We shall say that an \(n\)-digit number is pandigital if it makes use of all the digits \(1\) to \(n\) exactly once. For example, \(2143\) is a \(4\)-digit pandigital and is also prime.
What is the largest \(n\)-digit pandigital prime that exists?
For any \(k\), \(10^k \equiv 1 \mod 3\), because \(10^k - 1\) consists entirely of \(9\)'s. If we represent the digits of an \(n\)-digit number \(m\) as \(m_{n-1} m_{n-2} \ldots m_0\), then
\[ m = \sum_{k=0}^{n-1} 10^k m_k \equiv \left( \sum_{k=0}^{n-1} m_k \right) \mod 3. \]Therefore, a number is divisible by \(3\) if and only if its digital sum is divisible by \(3\).

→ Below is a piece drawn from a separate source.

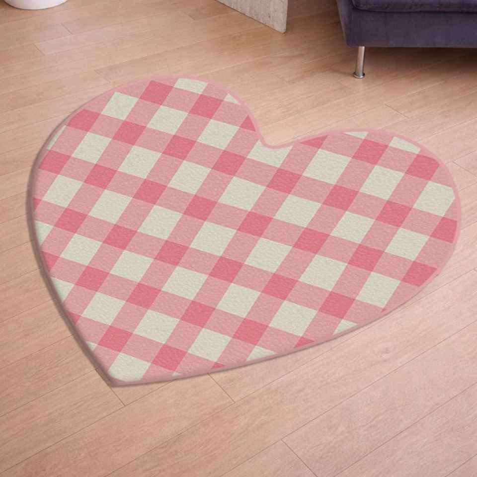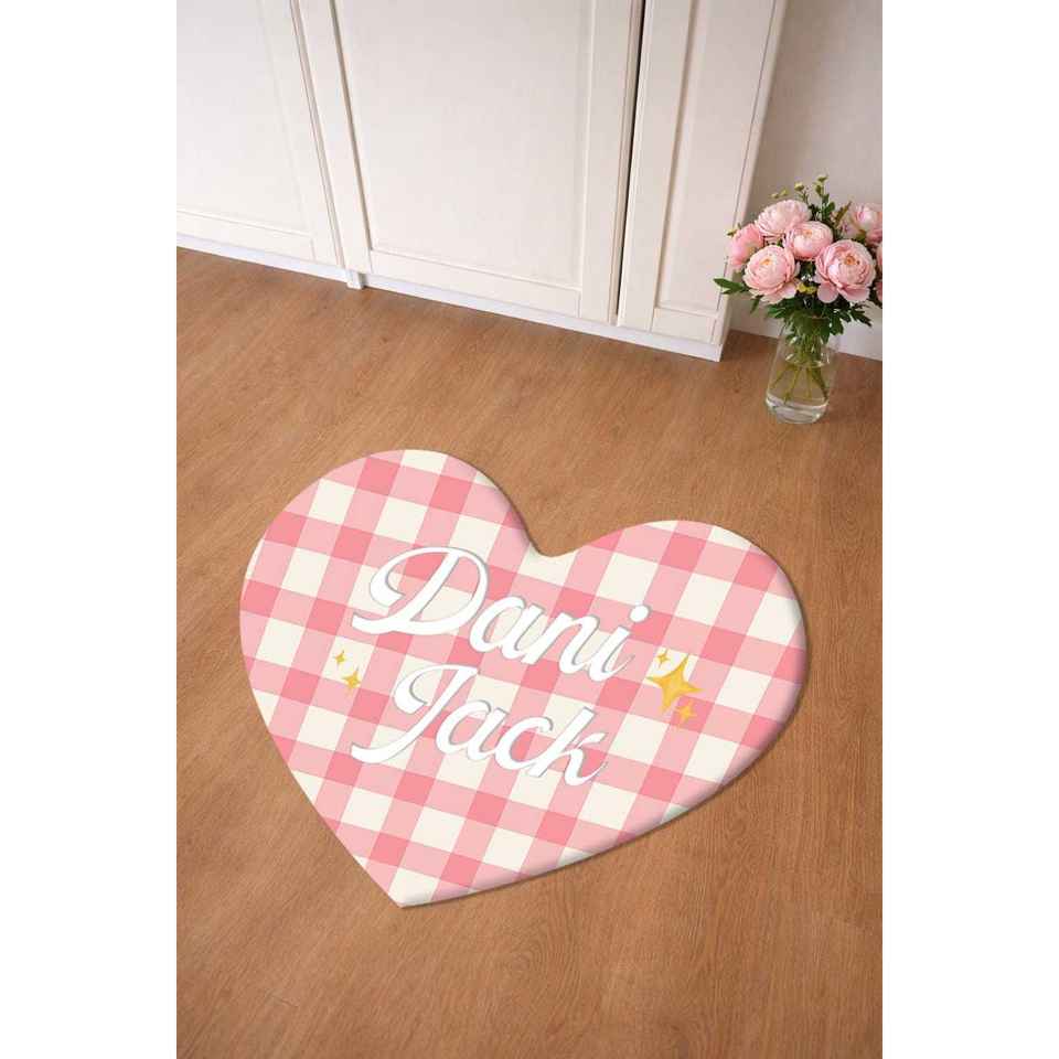 Tapis à motif écossais rose, cadeau pour petite amie, tapis pour la Saint-Valentin, cœur 1 avec nom

The digital sum of an \(8\)-digit pandigital number is \(36\). The digital sum of a \(9\)-digit pandigital number is \(45\). Both of these are divisible by \(3\), so pandigital primes can have at most \(7\) digits. From this conclusion, it's simple to check numbers from \(7654321\) downwards until we hit one that's both pandigital and prime. This happens pretty quickly: the answer ends up being \(7652413\).
from sympy import isprime
def p41():
for m in range(7654321, 7123455, -1):
if ''.join(sorted(str(m))) == "1234567" and isprime(m):
return m